▸ Data in this exercise
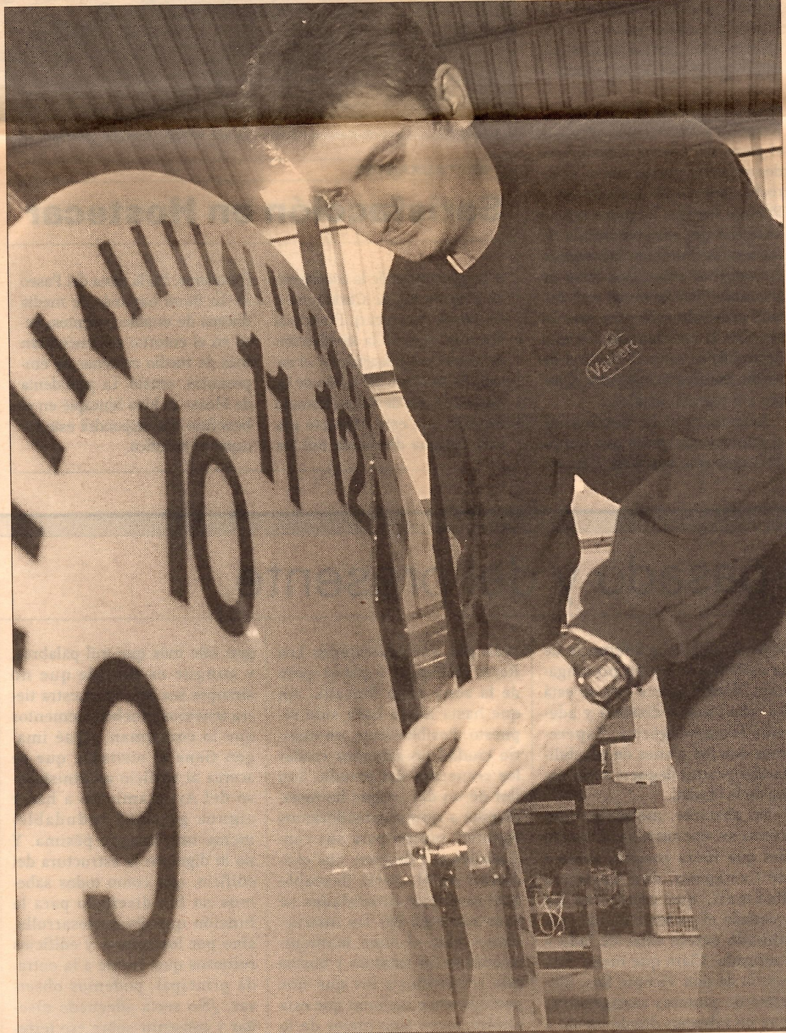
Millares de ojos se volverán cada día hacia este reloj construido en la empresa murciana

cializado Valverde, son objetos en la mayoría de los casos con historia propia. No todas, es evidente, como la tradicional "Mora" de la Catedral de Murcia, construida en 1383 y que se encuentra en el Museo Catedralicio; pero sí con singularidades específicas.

...

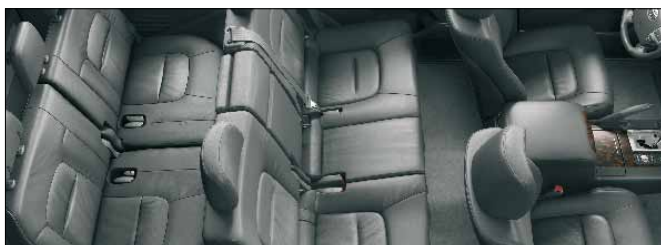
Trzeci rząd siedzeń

▸ What the task requires
Go through the listing above and write out exactly the lines starting with the one holding "Millares de ojos" and running through the one holding "cializado Valverde, son", ends included, and no others.

▸ Expected answer
Millares de ojos se volverán cada día hacia este reloj construido en la empresa murciana

cializado Valverde, son objetos en la mayoría de los casos con historia propia. No todas, es evidente, como la tradicional "Mora" de la Catedral de Murcia, construida en 1383 y que se encuentra en el Museo Catedralicio; pero sí con singularidades específicas.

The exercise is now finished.